Galvin v. McDermott Hyundai Limited, No. 31 53 56 (Jul. 8, 1994)

[EDITOR'S NOTE: This case is unpublished as indicated by the issuing court.] MEMORANDUM OF DECISION On October 10, 1990 the plaintiff purchased a 1990 Red 4-door Hyundai Excel from the defendant. She paid the purchase price in full at that time. The purchase order specifically provided that the motor vehicle was not warranted by David McDermott Hyundai, but was subject to a limited warranty of Hyundai Motor America for 36,000 miles or 36 months, whichever occurs first. (Exhibit A). Hyundai Motor America is not a party and has never been a party to this action. CT Page 7105

I. On March 1, 1991, the plaintiff had difficulty with her new car requiring that it be towed into the defendant's place of business. The problem was found to be a defective starter. The part had to be ordered. The repair was covered by the Hyundai Motor America warranty. The plaintiff was given a "loaner" vehicle, it being anticipated that the loan would be until March 4 at 5:00 P.M. (Exhibit 3). By that time the plaintiff had not returned the "loaner" nor had she been notified that her car was ready to be returned to her. On March 6, 1991, the plaintiff had an accident with a motor vehicle that left the scene. (Exhibit 4). The accident caused the "loaner" to be returned to the defendant. However, the plaintiff's car was not returned to her despite her numerous requests. The defendant kept possession of the plaintiff's car until June 10, 1991. The court has been unable to discern nor has the defendant offered a legitimate reason for its refusal to return the plaintiff's car. It is noted that the plaintiff's repair bill was fully paid by virtue of the warranty of Hyundai Motor America. The plaintiff's car was finally returned on June 10 when she retained an attorney who commenced a prejudgment-replevin action.

As a result of the aforesaid the plaintiff was totally without a motor vehicle. Her difficulties and inconvenience reached such a point that on April 17, 1991 she felt compelled to rent a car to June 10, 1991. (Exhibit B). The total rental fees paid by the plaintiff amount to $1,469.56. It is the court's view that she suffered an additional $1,000.00 damages for the period March 6, 1991 to April 14, 1991.

II. In December 1991, while operating her car in I-91, the car engine developed a problem which caused a minor fire. The car was towed to the defendant's place of business. The plaintiff assumed that the repairs would be under warranty. However, when the damaged motor was examined by the defendant's employees and by an inspector from Hyundai Motor America, it was their determination that the initiating cause of the trouble was that an object from outside the vehicle had forcefully struck the engine casing causing a hole to be driven inward. The result was oil leakage and the eventual breaking of two connecting rods causing further inward-outward impacts on the engine casing. The inspector from Hyundai CT Page 7106 Motor America refused to accept the plaintiff's claim as valid under the warranty.

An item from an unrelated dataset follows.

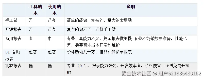能做报表的工具有挺多,商用工具,开源工具,BI 自助报表,这些都号称可以做报表,当然也有不用工具,手工开发的
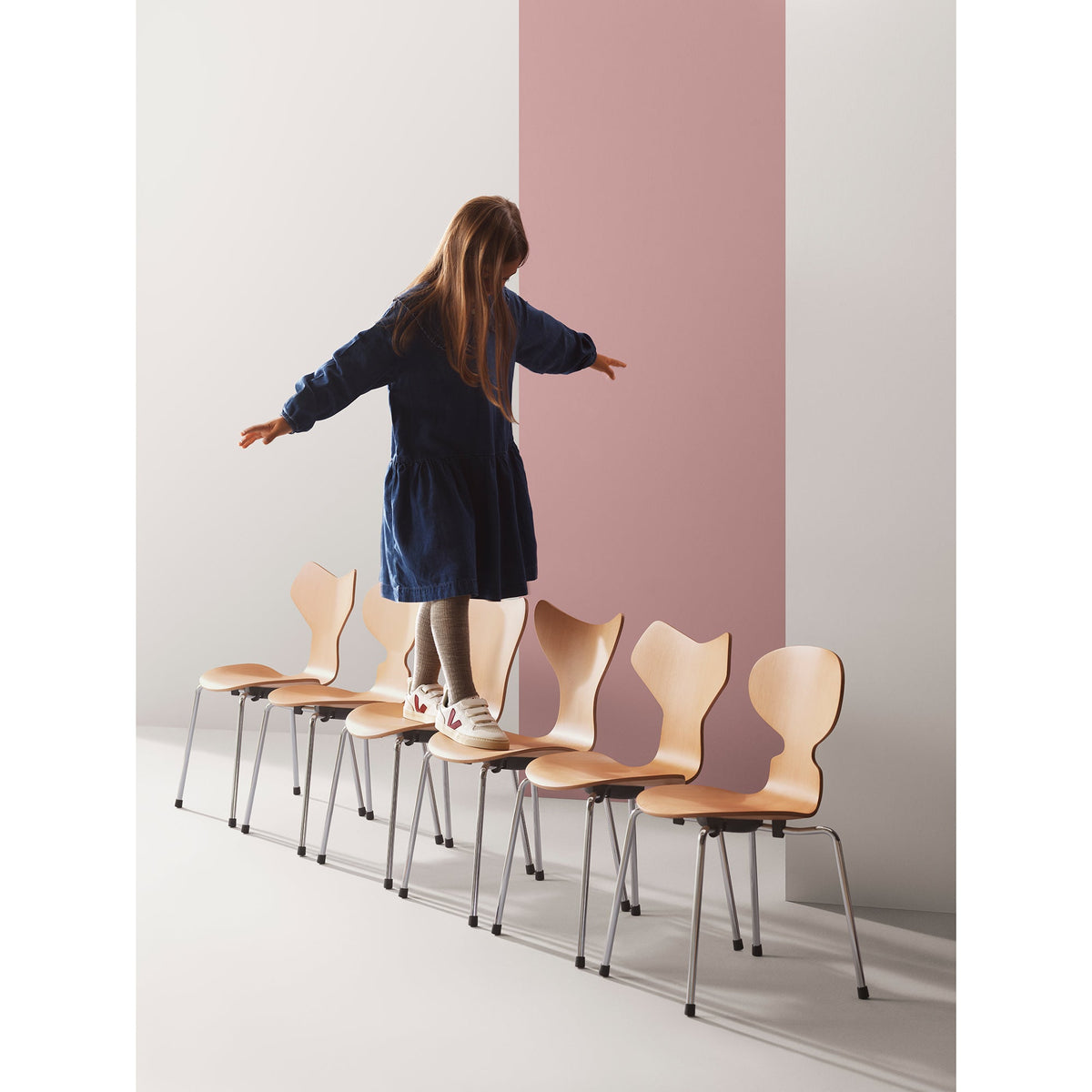 Stackable practicality: Can be stacked with other Arne Jacobsen children’s chairs for easy storage.

The plaintiff did make a claim under her own insurance policies but the claim was denied apparently because the plaintiff did not have collision coverage. The plaintiff had her car towed to North Haven to the Complete Auto Repair Shop. It is again noted that Hyundai Motor America is not a party to this action nor is there any evidence before this court that McDermott Hyundai Limited was requested to do the repair work on the plaintiff's credit or that it made any offer to do so.

III. In addition to the damages set forth in part I of this memorandum, the plaintiff claims damages under C.G.S. § 42-110g. As previously noted the plaintiff's car was withheld from her from about March 6, 1991 to June 10, 1991. It is clear that such withholding by the defendant caused the plaintiff much grief, trouble, inconvenience and distress during that period.

In addition the defendant, while the plaintiff's car was in its care and possession in December 1991, allowed it to be in a position or place where it could be and was, at least to some extent, stripped, causing the plaintiff great anguish. Such action or lack of action by the defendant, in the view of this court, devastated the plaintiff. The court will award her $3,500.00 damages for this element.

Finally, in the view of this court the plaintiff is entitled to attorney fees. The court notes that the plaintiff's attorney apparently had this matter resolved with defendant's attorney before any action was brought only to have her efforts fall apart. The court will award $2,500.00 counsel fees.

To recapitulate, the court finds that the plaintiff was damaged to the extent of $2,469.56 on the first count, $3,500.00 on the third count, plus counsel fees of $2,500.00.

Judgment may enter for the plaintiff in the total amount of $8,469.56.